WORK TASK:
Set the records down again. Match every line exactly.

DATA RECORDS:

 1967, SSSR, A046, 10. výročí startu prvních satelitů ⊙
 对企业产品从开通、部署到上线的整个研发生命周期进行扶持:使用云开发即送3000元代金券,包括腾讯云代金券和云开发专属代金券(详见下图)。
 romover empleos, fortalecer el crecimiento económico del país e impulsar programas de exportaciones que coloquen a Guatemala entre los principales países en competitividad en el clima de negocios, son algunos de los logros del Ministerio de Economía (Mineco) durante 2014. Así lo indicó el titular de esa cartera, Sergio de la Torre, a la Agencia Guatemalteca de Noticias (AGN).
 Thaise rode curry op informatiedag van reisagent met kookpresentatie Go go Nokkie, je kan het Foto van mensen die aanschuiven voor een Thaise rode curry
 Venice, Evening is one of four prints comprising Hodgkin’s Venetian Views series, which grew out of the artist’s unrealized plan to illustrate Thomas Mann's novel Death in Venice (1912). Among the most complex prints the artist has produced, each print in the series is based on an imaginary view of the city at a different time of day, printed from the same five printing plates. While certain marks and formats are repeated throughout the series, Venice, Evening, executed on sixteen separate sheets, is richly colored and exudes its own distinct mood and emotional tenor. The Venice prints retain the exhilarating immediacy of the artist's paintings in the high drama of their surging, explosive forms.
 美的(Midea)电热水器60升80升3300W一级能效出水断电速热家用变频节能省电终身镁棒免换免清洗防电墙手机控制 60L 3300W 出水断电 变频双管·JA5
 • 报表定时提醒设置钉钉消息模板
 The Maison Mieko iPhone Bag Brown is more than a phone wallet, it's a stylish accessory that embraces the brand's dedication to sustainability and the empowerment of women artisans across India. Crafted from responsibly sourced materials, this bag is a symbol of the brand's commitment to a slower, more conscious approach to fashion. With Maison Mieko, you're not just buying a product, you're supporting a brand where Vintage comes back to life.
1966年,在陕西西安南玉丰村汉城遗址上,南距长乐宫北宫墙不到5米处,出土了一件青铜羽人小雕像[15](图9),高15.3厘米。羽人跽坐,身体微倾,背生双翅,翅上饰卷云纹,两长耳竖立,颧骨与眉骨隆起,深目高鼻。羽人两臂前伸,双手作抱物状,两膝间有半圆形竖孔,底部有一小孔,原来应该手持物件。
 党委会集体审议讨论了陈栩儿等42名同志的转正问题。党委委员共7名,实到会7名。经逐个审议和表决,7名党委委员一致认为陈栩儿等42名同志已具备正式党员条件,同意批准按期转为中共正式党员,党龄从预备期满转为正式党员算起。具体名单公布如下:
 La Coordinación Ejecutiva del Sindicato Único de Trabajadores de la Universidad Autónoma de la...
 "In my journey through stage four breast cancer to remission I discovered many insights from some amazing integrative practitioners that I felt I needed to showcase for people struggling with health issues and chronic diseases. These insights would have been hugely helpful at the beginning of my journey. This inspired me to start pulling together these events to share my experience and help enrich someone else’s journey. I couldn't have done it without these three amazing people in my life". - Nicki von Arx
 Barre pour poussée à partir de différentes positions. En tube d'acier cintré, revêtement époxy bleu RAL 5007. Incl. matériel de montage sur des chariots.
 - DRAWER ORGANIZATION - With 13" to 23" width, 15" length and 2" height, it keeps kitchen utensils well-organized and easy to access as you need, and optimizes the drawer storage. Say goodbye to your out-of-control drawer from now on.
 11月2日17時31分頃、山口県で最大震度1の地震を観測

EXERCISE ANSWER:
 1967, SSSR, A046, 10. výročí startu prvních satelitů ⊙
 对企业产品从开通、部署到上线的整个研发生命周期进行扶持:使用云开发即送3000元代金券,包括腾讯云代金券和云开发专属代金券(详见下图)。
 romover empleos, fortalecer el crecimiento económico del país e impulsar programas de exportaciones que coloquen a Guatemala entre los principales países en competitividad en el clima de negocios, son algunos de los logros del Ministerio de Economía (Mineco) durante 2014. Así lo indicó el titular de esa cartera, Sergio de la Torre, a la Agencia Guatemalteca de Noticias (AGN).
 Thaise rode curry op informatiedag van reisagent met kookpresentatie Go go Nokkie, je kan het Foto van mensen die aanschuiven voor een Thaise rode curry
 Venice, Evening is one of four prints comprising Hodgkin’s Venetian Views series, which grew out of the artist’s unrealized plan to illustrate Thomas Mann's novel Death in Venice (1912). Among the most complex prints the artist has produced, each print in the series is based on an imaginary view of the city at a different time of day, printed from the same five printing plates. While certain marks and formats are repeated throughout the series, Venice, Evening, executed on sixteen separate sheets, is richly colored and exudes its own distinct mood and emotional tenor. The Venice prints retain the exhilarating immediacy of the artist's paintings in the high drama of their surging, explosive forms.
 美的(Midea)电热水器60升80升3300W一级能效出水断电速热家用变频节能省电终身镁棒免换免清洗防电墙手机控制 60L 3300W 出水断电 变频双管·JA5
 • 报表定时提醒设置钉钉消息模板
 The Maison Mieko iPhone Bag Brown is more than a phone wallet, it's a stylish accessory that embraces the brand's dedication to sustainability and the empowerment of women artisans across India. Crafted from responsibly sourced materials, this bag is a symbol of the brand's commitment to a slower, more conscious approach to fashion. With Maison Mieko, you're not just buying a product, you're supporting a brand where Vintage comes back to life.
1966年,在陕西西安南玉丰村汉城遗址上,南距长乐宫北宫墙不到5米处,出土了一件青铜羽人小雕像[15](图9),高15.3厘米。羽人跽坐,身体微倾,背生双翅,翅上饰卷云纹,两长耳竖立,颧骨与眉骨隆起,深目高鼻。羽人两臂前伸,双手作抱物状,两膝间有半圆形竖孔,底部有一小孔,原来应该手持物件。
 党委会集体审议讨论了陈栩儿等42名同志的转正问题。党委委员共7名,实到会7名。经逐个审议和表决,7名党委委员一致认为陈栩儿等42名同志已具备正式党员条件,同意批准按期转为中共正式党员,党龄从预备期满转为正式党员算起。具体名单公布如下:
 La Coordinación Ejecutiva del Sindicato Único de Trabajadores de la Universidad Autónoma de la...
 "In my journey through stage four breast cancer to remission I discovered many insights from some amazing integrative practitioners that I felt I needed to showcase for people struggling with health issues and chronic diseases. These insights would have been hugely helpful at the beginning of my journey. This inspired me to start pulling together these events to share my experience and help enrich someone else’s journey. I couldn't have done it without these three amazing people in my life". - Nicki von Arx
 Barre pour poussée à partir de différentes positions. En tube d'acier cintré, revêtement époxy bleu RAL 5007. Incl. matériel de montage sur des chariots.
 - DRAWER ORGANIZATION - With 13" to 23" width, 15" length and 2" height, it keeps kitchen utensils well-organized and easy to access as you need, and optimizes the drawer storage. Say goodbye to your out-of-control drawer from now on.
 11月2日17時31分頃、山口県で最大震度1の地震を観測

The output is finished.